Like Murray, my cohort of showed up at Wellesley Senior High School in 1979 and couldn’t quite believe the varsity was led by “Physical” Phil Davis, an ornery, soccer-ignorant, 65-year-old gym teacher. Davis hailed from another era — another planet. When he took over the brand-new Wellesley High soccer program, in 1969, he had never played the game in his life. Assisting Davis and serving as junior varsity coach: a younger, more reasonable fellow named Peter Loiter, who’d come to the Wellesley schools in 1969, directly from Springfield College, a place well known for turning out qualified coaches of all stripes.
“I student-taught in Wellesley and I’m there, the first day, and Bud Hines, the athletic director, comes to me and says, ‘We need a JV soccer coach.’ I had never played soccer,” Loiter recalls, “but Hines could not have cared less about soccer. He was a hockey and football guy. He thought soccer was for little pantywaists and such. This was 1969. So, he said to me, ‘I’ll pay you 450 bucks.’ So I said, ‘I’m in!’
“At the very beginning I took this soccer coaching course because, you know, I didn’t know anything. When I first started with the JVs, I had a book in my hand. My first soccer practice ever! It was actually a wonderful book written by this guy who’d been an English national team coach.” Loiter is referring to Charles Hughes, author of Soccer Tactics and Teamwork and The Football Association Book of Soccer Tactics and Skills.
“So, none of us knew anything. The kid who took our penalty shots that first year hit them with his toe. He was a junior, a really good athlete — he may have been the hockey captain — and every one of his PKs were side panel! I wasn’t going to try and change him because I didn’t have the skill set to even try and change him. At that time, most of the high schools in our league didn’t have enough actual soccer players to have decent varsity teams throughout. Not even close. Well, thanks to the Ray Copelands of the world [founder of the Wellesley United Soccer Club in the early 1970s], Wellesley did. Soon enough, Wellesley had hundreds of kids who had started playing soccer when they were little kids.”
After my year with Loiter on the JV, Davis retired and Loiter graduated to the varsity — alongside myself and all of my club teammates born in the mid-1960s and raised on the game starting in the early 1970s. This group hadn’t just played soccer before: We were legit soccer natives. Along with three luminaries from the class ahead of ours, we won a state championship my junior year. The Wellesley High girls won it all the following year. As it had done at the club level all through the Seventies, the Wellesley chapter of Generation Zero cemented our suburban high school as a state soccer power.
“We made the transition in your era. We went from having kids who wanted to play but just weren’t there yet, to your group,” Loiter says. “You really were soccer players when you showed up in high school. Today, of course, they’re at a higher level still. Of all the eras I was there, though, I think your group played well into adulthood more than any other. I just think it was a group that really loved the game.
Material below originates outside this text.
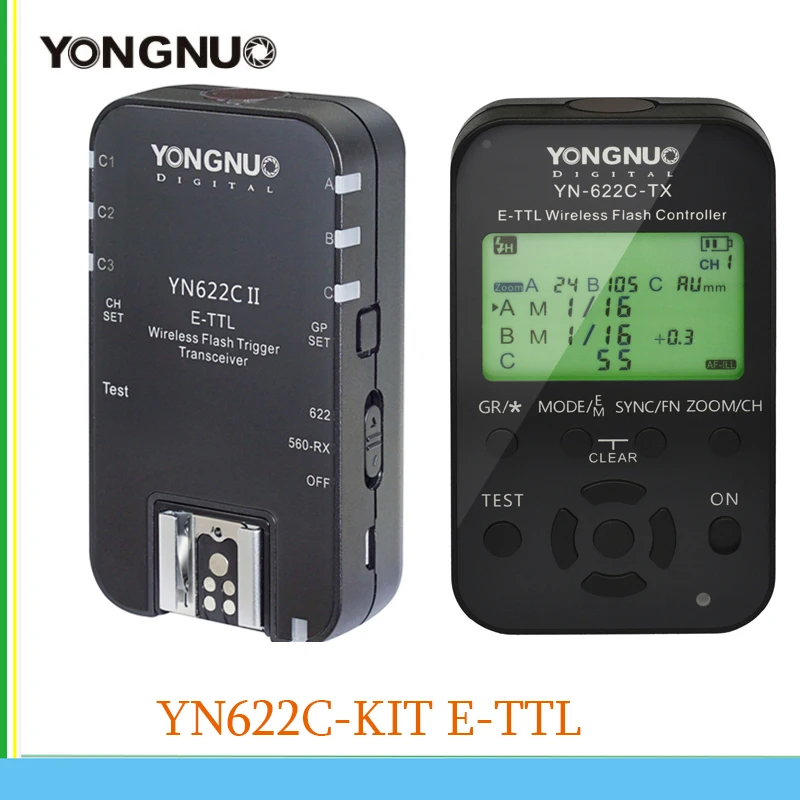 Беспроводная триггерная вспышка с комплектом из двух приемопередатчиков беспроводной вспышки YN-622C II E-TTL от Yongnuo. Благодаря совместимости с камерами Canon E-TTL / E-TTL II и дополнительной поддержке протоколов связи 622 и 560-RX этот набор будет хорошо работать со многими вспышками.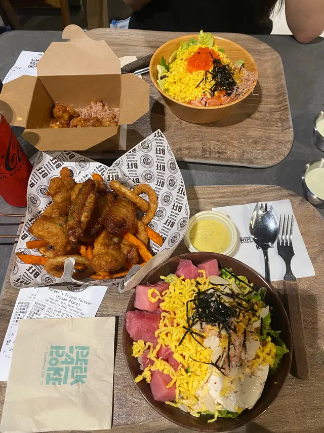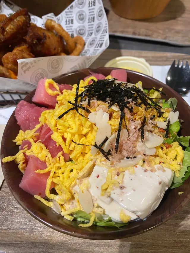 Quite like the idea of enjoying poke bowl in a foot court; enjoying fast food in a slow pace. Love the options they offer, self created or their choices. Mine was brown rice and salad base with tuna as protein and tofu, edamame and shredded egg as toppings with wasabi yogurt sauce. It was served in an enormous portion. We asked for sauce on a side and we only drizzled a bit. Mild wasabi creamy flavour and like the runny texture which didnt make the whole dish heavy and too rich. Greens were fresh and crunchy. Tofu was silky soft tofu already coated with Japanese sesame sauce. Very easy to tear apart during mix. Bowl was topped with loaded shredded egg. Was a bit difficult to mix it thoroughly because of the mountain amount of toppings. Tuna cubes were generous. Love that it wasn't marinated that might be salty to eat it on its own. I couldnt finish the brown rice, as too filling. We asked for fried chicken and cheese sticks as sides. Fried chicken was delicious. Well spiced seasoned batter well coated the chicken. Locked up all the moist. Even without their home sauce, it was absolutely delicious. Cheese sticks were okay. By the time I had it, it already set and cooled. Such a shame.Overall, quite a quality and filling 'healthy fast food'. 查看更多

It actually became part of the fabric of who you guys were. I think it’s part of what made the team good and made the game advance so greatly in those years.”
Our collective experience in Wellesley proved a microcosm of what was transpiring at high schools all across the country. By 1982, soccer had started to matter because, by that time, suburban schools especially were overflowing with youth soccer revolutionaries. With every passing year, it mattered more. We in Generation Zero weren’t just the tipping point. We were the tip of the spear.